____ Data listing

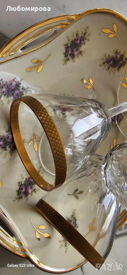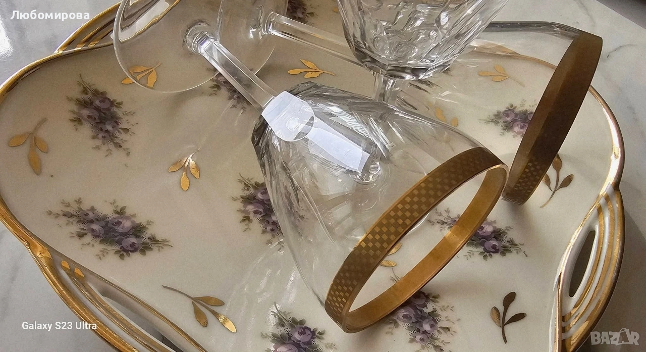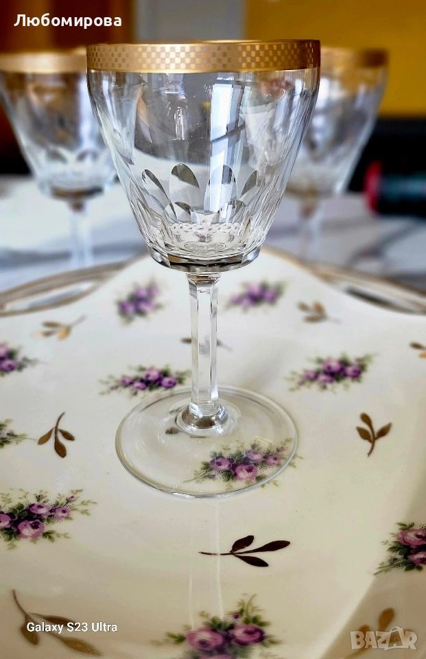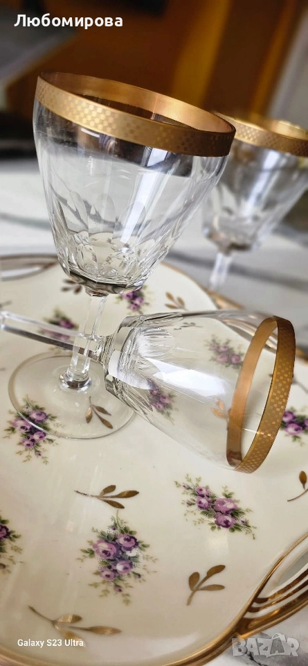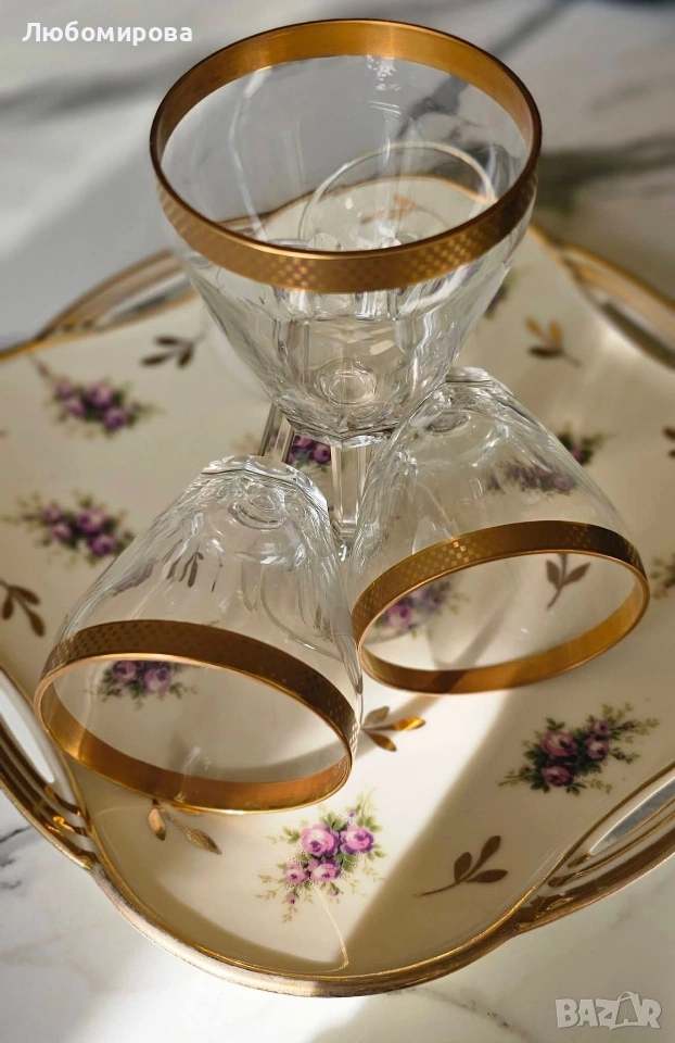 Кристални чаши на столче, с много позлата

________
____ Data listing

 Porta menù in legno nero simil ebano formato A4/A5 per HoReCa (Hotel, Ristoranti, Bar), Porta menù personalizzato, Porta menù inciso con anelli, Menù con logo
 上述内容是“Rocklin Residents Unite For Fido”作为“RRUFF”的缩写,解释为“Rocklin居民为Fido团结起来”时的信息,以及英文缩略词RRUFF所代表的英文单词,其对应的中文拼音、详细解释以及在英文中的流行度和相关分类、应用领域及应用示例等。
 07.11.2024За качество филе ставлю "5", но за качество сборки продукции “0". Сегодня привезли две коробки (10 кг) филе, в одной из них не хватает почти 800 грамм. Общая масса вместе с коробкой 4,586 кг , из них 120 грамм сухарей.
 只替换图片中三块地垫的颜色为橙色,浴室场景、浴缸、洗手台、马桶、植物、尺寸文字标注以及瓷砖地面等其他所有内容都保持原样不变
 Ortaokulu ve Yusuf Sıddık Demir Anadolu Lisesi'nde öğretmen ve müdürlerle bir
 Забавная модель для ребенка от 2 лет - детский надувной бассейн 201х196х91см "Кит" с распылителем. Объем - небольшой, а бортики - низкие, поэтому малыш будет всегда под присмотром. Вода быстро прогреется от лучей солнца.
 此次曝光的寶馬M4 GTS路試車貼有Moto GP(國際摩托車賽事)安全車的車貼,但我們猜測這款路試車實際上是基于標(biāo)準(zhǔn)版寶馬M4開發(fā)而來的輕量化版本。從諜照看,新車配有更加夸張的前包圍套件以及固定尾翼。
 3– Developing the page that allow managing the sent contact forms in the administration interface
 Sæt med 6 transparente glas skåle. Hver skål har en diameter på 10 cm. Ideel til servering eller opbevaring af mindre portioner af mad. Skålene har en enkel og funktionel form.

________
____ Data listing

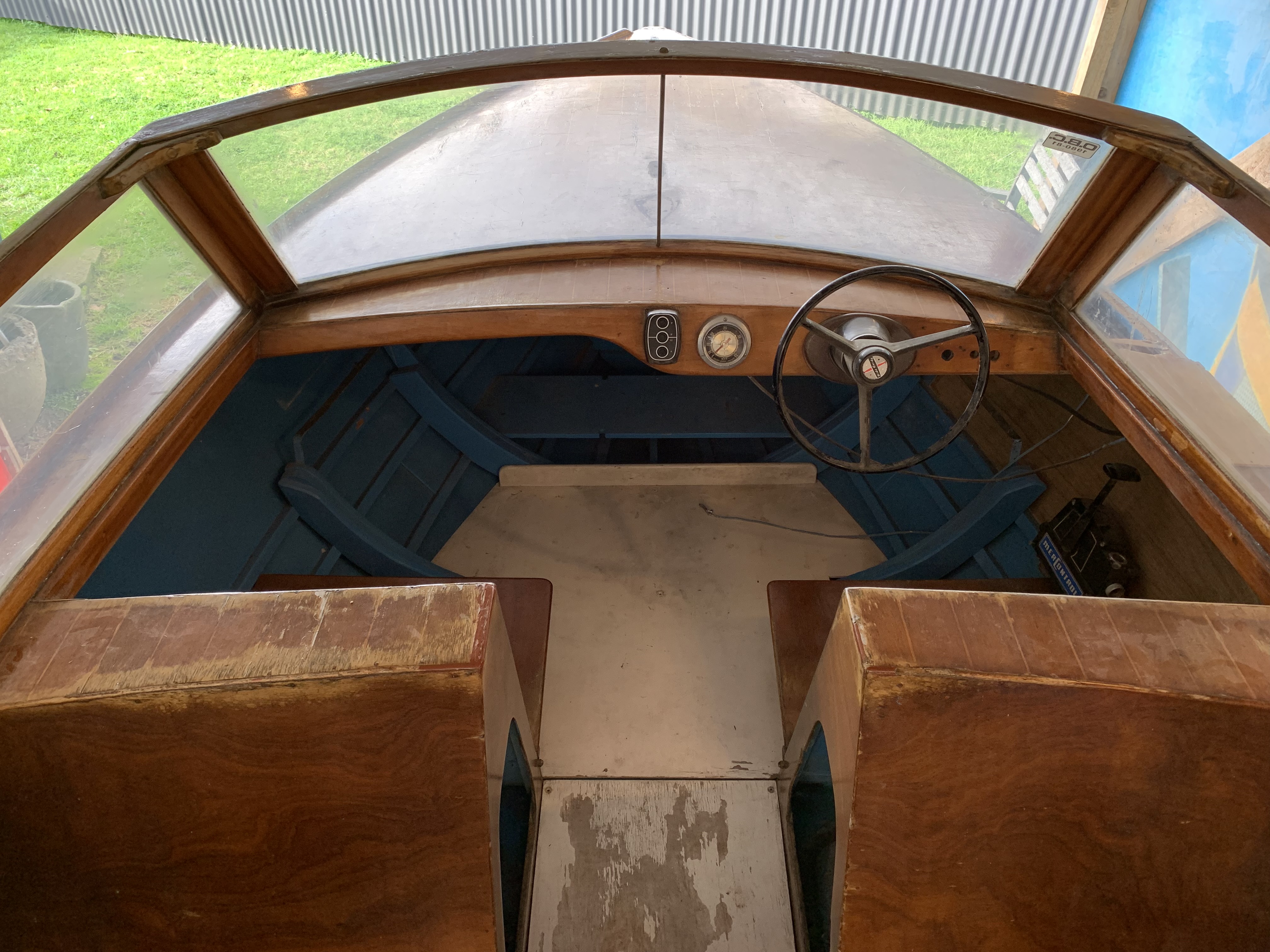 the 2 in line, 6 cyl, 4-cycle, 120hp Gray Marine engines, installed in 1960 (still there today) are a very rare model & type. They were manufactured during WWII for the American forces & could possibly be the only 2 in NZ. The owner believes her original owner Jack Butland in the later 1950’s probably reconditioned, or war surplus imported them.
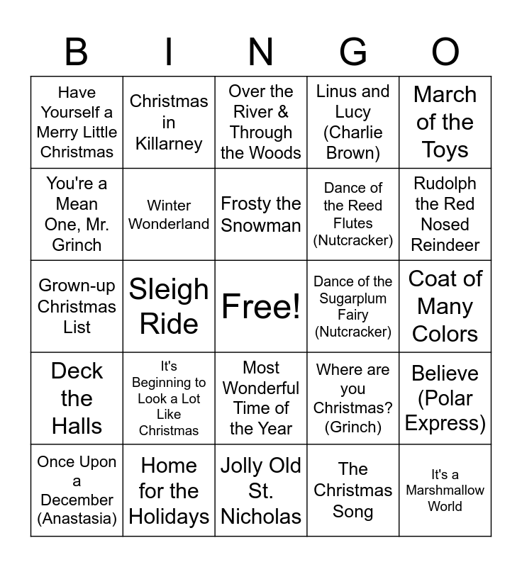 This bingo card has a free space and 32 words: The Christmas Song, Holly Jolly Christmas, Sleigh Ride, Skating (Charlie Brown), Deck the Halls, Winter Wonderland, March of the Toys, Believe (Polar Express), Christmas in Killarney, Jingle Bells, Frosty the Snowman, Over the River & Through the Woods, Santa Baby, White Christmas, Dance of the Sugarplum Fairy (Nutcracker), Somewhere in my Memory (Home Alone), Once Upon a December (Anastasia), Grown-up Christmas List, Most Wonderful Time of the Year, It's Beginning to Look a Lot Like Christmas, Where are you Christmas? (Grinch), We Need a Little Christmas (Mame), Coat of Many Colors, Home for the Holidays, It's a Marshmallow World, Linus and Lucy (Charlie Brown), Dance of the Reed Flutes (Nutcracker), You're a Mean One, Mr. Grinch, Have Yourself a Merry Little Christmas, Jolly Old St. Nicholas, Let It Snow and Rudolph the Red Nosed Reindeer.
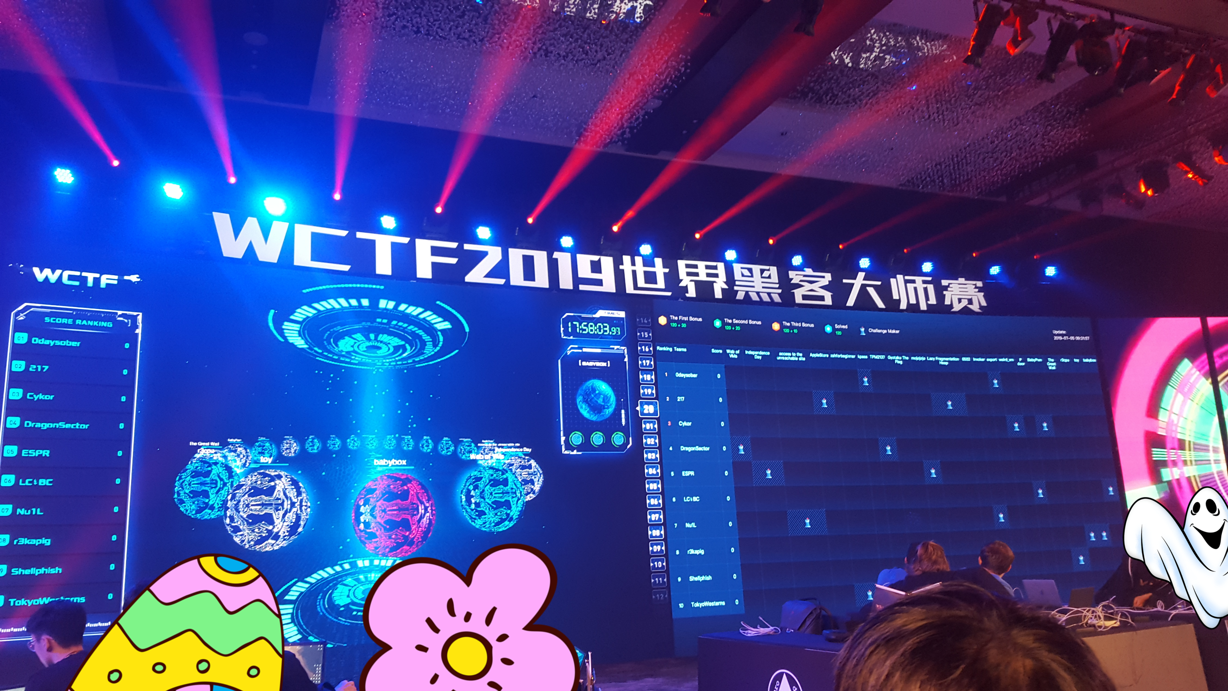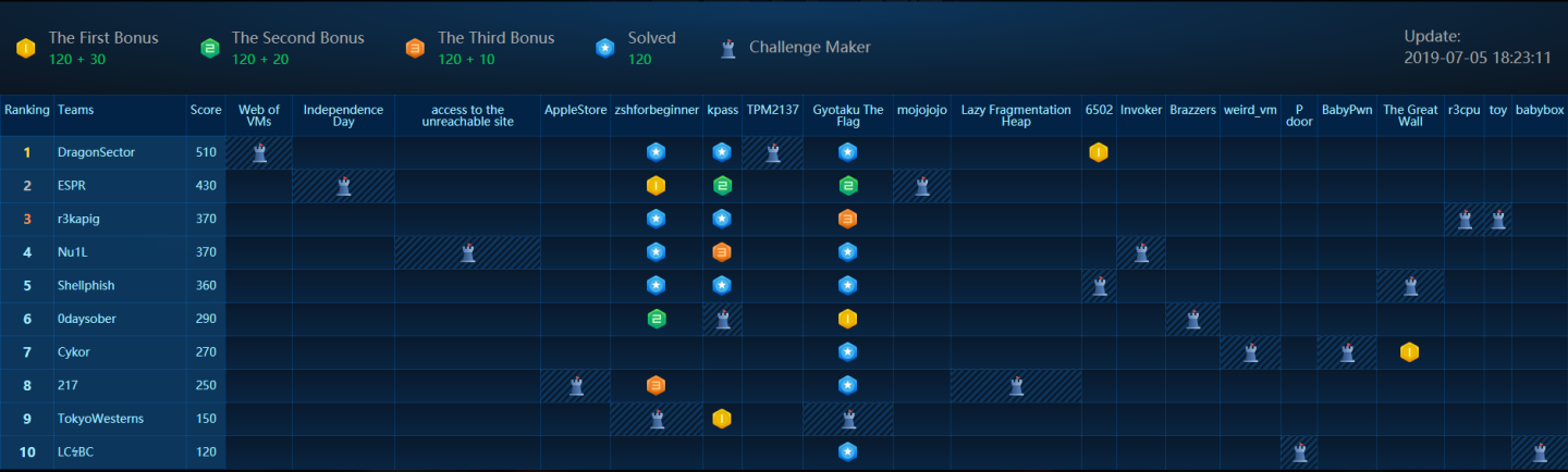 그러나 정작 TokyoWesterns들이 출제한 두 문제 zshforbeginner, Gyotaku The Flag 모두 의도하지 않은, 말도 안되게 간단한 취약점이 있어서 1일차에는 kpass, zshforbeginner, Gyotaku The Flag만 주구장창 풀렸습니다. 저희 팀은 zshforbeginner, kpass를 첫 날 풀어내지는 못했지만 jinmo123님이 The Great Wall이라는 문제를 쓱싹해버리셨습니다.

________

Assignment: Starting at the line with "Ortaokulu ve Yusuf" and ending at the line with "Забавная модель для", print each line of the listing above exactly, with no other lines.

Exercise solution:
 Ortaokulu ve Yusuf Sıddık Demir Anadolu Lisesi'nde öğretmen ve müdürlerle bir
 Забавная модель для ребенка от 2 лет - детский надувной бассейн 201х196х91см "Кит" с распылителем. Объем - небольшой, а бортики - низкие, поэтому малыш будет всегда под присмотром. Вода быстро прогреется от лучей солнца.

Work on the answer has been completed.